The potential for abuse is immense. Cash is fungible. Whose money was remitted to the captive? The half that was held from last year or half of the latest premium received? This could create a classic case of a “Ponzi” scheme, where the money held from last year is spent and new money is used to cover the obligations from the previous year. The scheme collapses, of course, if there is a net drop in new captive formations for that captive manager.

These fronting companies or reinsurance companies are often domiciled offshore where annual audited statements may not be required and where litigation over mishandled funds would be difficult for the captive owner. Not all risk distribution mechanisms involve the retention of client funds; unfortunately, however, most of them do.

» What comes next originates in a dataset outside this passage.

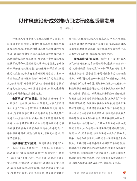 开展深入贯彻中央八项规定精神学习教育,是以习近平同志为核心的党中央立足党和国家事业发展战略全局、着眼党的建设总体布局作出的重大部署,再次向全党宣示以永远在路上的韧劲打赢作风建设持久战的坚定决心,对于进一步巩固拓展主题教育成果和巩固深化党纪学习教育成果,推动全面从严治党向纵深发展,密切党群干群关系、巩固党的执政基础,都具有重要而深远的意义。重庆市司法行政系统将深刻领悟“两个确立”的决定性意义,坚决做到“两个维护”,切实增强开展学习教育的自觉性坚定性,一体推进学查改,以作风建设新成效推动司法行政高质量发展。

This article does not suggest that any captive manager has in fact mishandled client funds as described. But it is important to recognize the temptation and ask what, if anything, is being done to be sure that the temptation is never tested. A captive manager with 100 captives under management — each with $1,000,000 in annual premium — will have $50,000,000 or more of “float” to tempt him.

At a minimum, captive owners should require an accounting of retained funds by an independent CPA firm. Ideally, the captive owner should require that retained funds be held in a separate trust account by an independent trustee. But neither of these practices appears common in the captive insurance industry. In some cases, captive mangers have returned the “withheld” funds early, easing the fear of loss of the funds, but potentially making a mockery of the risk distribution mechanism itself.

What is the role, if any, of the captive insurance regulator? Captive legislation is not consistent when it comes to reinsurance pools. A review of the legislation of 14 of the most active captive domiciles reveals that 8 of them have no provision in their statutes to monitor or limit the activities of reinsurance pools (other than actual reinsurance companies licensed in their own domicile). The other 6 have specific language as follows:

The Commissioner may require any other documents, financial information, or other evidence that the pool, exchange or association will be able to provide adequate security for its financial obligations. The Commissioner may deny authorization or impose any limitations on the activities of a reinsurance pool, exchange, or association that, in the Commissioner's judgment, is necessary and proper to provide adequate security for the ceding captive insurer or segregated account and for the protection and consequent benefit of the public at large.

The domiciles break down as follows:

Specific language: Vermont, Missouri, District of Columbia, Kentucky, Montana and Tennessee.

No language: Delaware, Utah, South Carolina, Nevada, Arizona, Hawaii, Alabama and New Jersey.

It is interesting that the majority of small captives that use these reinsurance pools are domiciled in the 8 states that give the regulator no direct statutory authority to address the security of retained client funds. Of course, the regulators do have broad authority to question the overall efficacy of a captive's business plan. This review arguably could address concerns about the security of the captive's funds in the hands of third parties, particularly in the early years of a captive's life. But do they?

This author polled a number (but not all) of the regulators in these 14 states and got few responses from the 8 states without the specific language referenced above. Those few responses indicated that their view is that the relationship between the captive and the fronting company or reinsurer was a matter of private contract not subject to their regulation (other than determining that the reinsurance itself was real and met industry standards).

As the number of captives, captive managers and risk distribution pools continues to grow rapidly, the opportunity for a scandal in the captive industry also grows. The industry would not fare well if such a scandal made the front page of the Wall Street Journal. Captive owners should be aware of this risk and take action accordingly. And captive regulators should become more alert to possible abuses in this area and take action consistent with the powers available to them under their respective statutes.